In addition to these methods, Corminboeuf and co-workers [134] proposed a genetic algorithm for the de novo design of general catalysts (Figure 14). Considering the Pictet–Spengler cyclization of tryptamine derivatives catalysed by hydrogen-bond donors, the authors considered a general catalyst to display both high enantioselectivity and turn-over frequency for a broad substrate scope. The substrate scope, termed generality probing set (GPS), was selected based on farthest point sampling of a literature mined reaction space to cover a wide chemical space. To assess the enantioselectivity and turn-over frequency for reactions with a new catalyst, which is required for de novo design, the authors used different strategies. To predict enantioselectivity of a previously unseen reaction, the authors used the reported enantioselectivities in their initial literature-mined reaction database to train an XGBoost model. The turn-over frequency of a reaction was determined using a volcano plot based on reaction energies [135-137], where the latter were again predicted using an XGBoost model based on the literature-mined dataset. Using fragments derived from their OSCAR [31] database, the authors used the NaviCatGA genetic algorithm [118] to find the most general catalysts. The fitness function comprised multiple objectives, including the median of the enantioselectivity and activity across the generality probing set. The usage of a multi-objective optimization algorithm allowed them to discover multiple trade-off optima, enabling a scientist to select the ideal catalyst based on the specific requirements of catalytic activity and selectivity, while still accounting for catalyst generality through design of the objectives. Noticeably, data analysis allowed to identify regions in the chemical space where highly ranked catalysts underperform as well as less sensitive areas in chemical space, further providing mechanistic insight into the mechanism of stereoinduction and activity trends.

[1860-5397-20-196-14]

Figure 14: Corminboeuf and co-workers [134] chose a representative subset of the reaction space (indicated by dark red points) and used it to evaluate the generality of catalyst structures optimised through their genetic algorithm.

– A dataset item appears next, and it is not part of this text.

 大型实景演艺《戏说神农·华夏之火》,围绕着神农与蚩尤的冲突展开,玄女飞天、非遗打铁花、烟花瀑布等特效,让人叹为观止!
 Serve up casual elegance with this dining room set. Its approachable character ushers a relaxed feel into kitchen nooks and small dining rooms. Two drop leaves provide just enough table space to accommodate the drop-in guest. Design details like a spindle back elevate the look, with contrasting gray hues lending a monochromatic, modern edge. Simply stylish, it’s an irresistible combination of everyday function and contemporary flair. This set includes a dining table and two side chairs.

With the concept of privileged catalysts deeply rooted in organocatalysis, we expect a steady increase in studies aiming to bridge the gaps between different reactions that are mechanistically transferable via ML. Using this strategy, it is possible to both increase the available data (since more reactions are considered), as well as investigate more general mechanisms. However, careful consideration has to be paid towards combining different reactions, as mechanistic transferability has to be ensured. Furthermore, the usage of ML to identify general catalysts demonstrate that the application of modern ML tools is not limited to predicting selective catalysts.

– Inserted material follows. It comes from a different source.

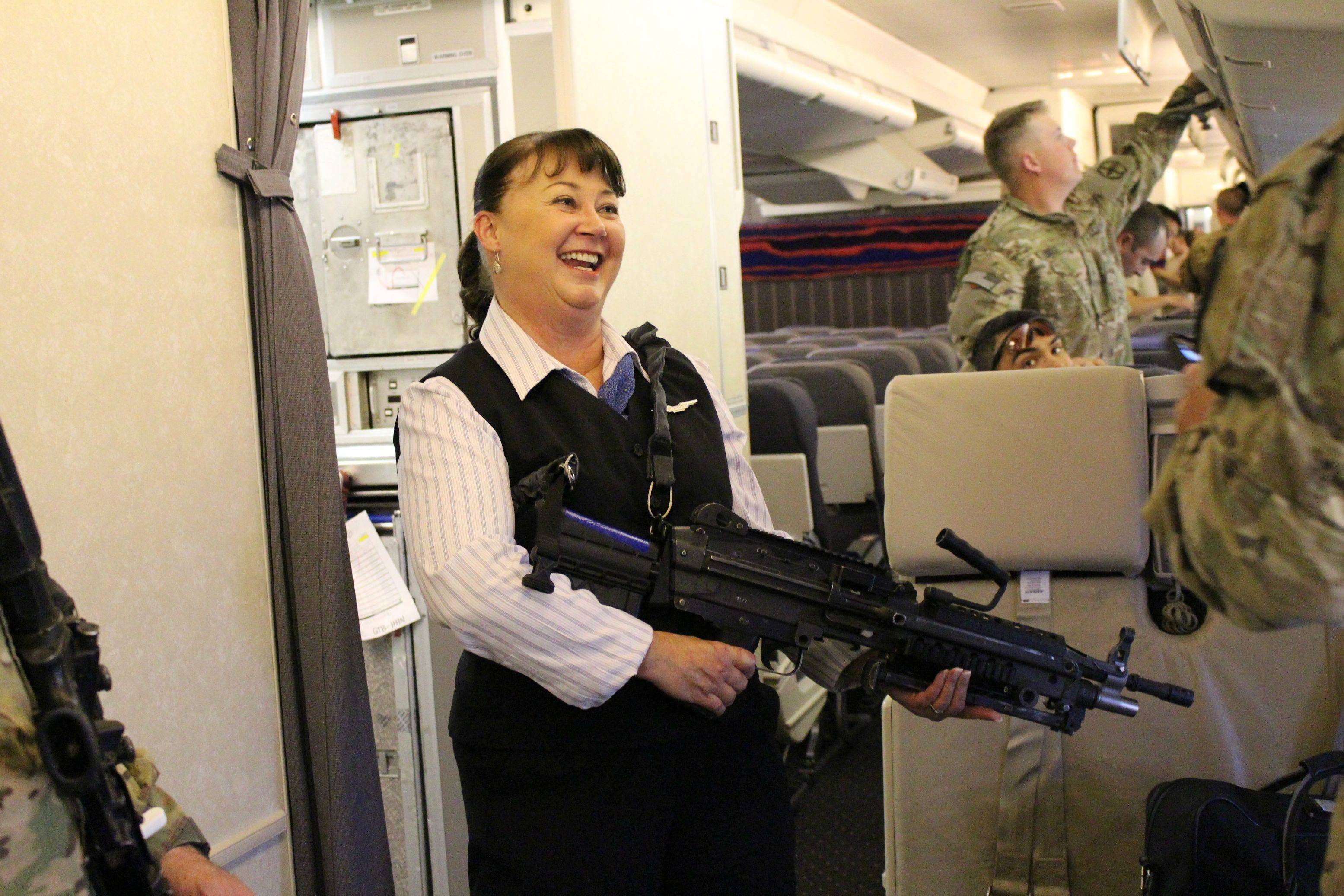 With no ammo, no bolt inside the weapon, and a plane full of people deploying to Afghanistan? Not likely lol

4 ML for catalyst and reaction design

The design of chemical reactions encompasses various aspects, from the choice of the employed catalyst to the selection of ideal reaction conditions. While traditionally, all of this has been performed by chemical knowledge, intuition and rational design, the last years have witnessed a surge in data-driven approaches to improve the design of reactions, e.g., by inferring mechanistic features through statistical modelling, the generation of catalyst structures with increased catalytic activity, or optimising the reaction conditions to maximise the yield or selectivity. In contrast to the direct approach as seen in many examples discussed so far, where starting from a molecular structure and a set of conditions, the reaction outcome is predicted, optimising the design of a reaction can be framed as an inverse design approach [138]. Given a target, e.g., fast conversion or high selectivity, the task is to find a catalyst structure or a set of conditions to satisfy the requirement. The following chapter will give an overview of recent advances in the design of organocatalytic reactions.

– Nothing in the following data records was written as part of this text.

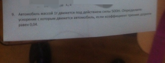 Автомобиль массой 1 тонну движется под действием силы 500h . Определелите ускорение с которым движется автомобиль если коэффициент трения дороги равен 0,04
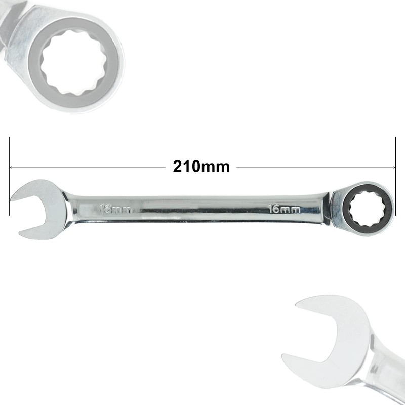 Seshin Buffalo 16mm Ratchet Spanner Steel Fixed Head Gear Wrench Open End & Ring (16mm)
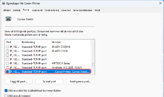 På fliken [Portar] ska du kontrollera att kryssrutan [Aktivera stöd för dubbelriktad kommunikation] markerad.

4.1 Mechanistic understanding

The design of a catalyst requires detailed understanding of the key catalytic steps [23,139-142] and commonly uses calculated or measured physical parameters of reaction components to make decisions in a design effort. In line with the early developments of statistical modelling through Hammett parameters to correlate substrate properties to kinetic properties of the reaction (Section 2), advanced ML tools can help to unravel key mechanistic features in higher dimensions and with stronger interactions, which can be used to tailor a reaction to match desired properties. Sigman and co-workers demonstrated this by complementing knowledge from physical organic chemistry with data-driven analysis techniques, in particular MLR, to gain a greater understanding of the enantioselectivity-determining steps for a C–N coupling catalysed by CPA derivatives (Figure 15A) [143]. Based on their findings that π–π interactions between the catalyst’s triazole substituent and the substrate is key for stereoinduction, they designed new catalyst structures maximising the predicted selectivity. The predictions were experimentally validated confirming that their model can be used to guide the design of highly selective catalysts (Figure 15B).

[1860-5397-20-196-15]

Figure 15: Example for data-driven modelling to improve substrate and catalyst design. (A) C–N coupling catalysed by CPA derivatives studied by Sigman and co-workers [143]. (B) The library for the study consisted of 12 substrates and 9 triazolyl catalysts. This data was used to train an MLR model and infer key mechanistic features as well as the design of highly selective catalysts which were experimentally verified after prediction.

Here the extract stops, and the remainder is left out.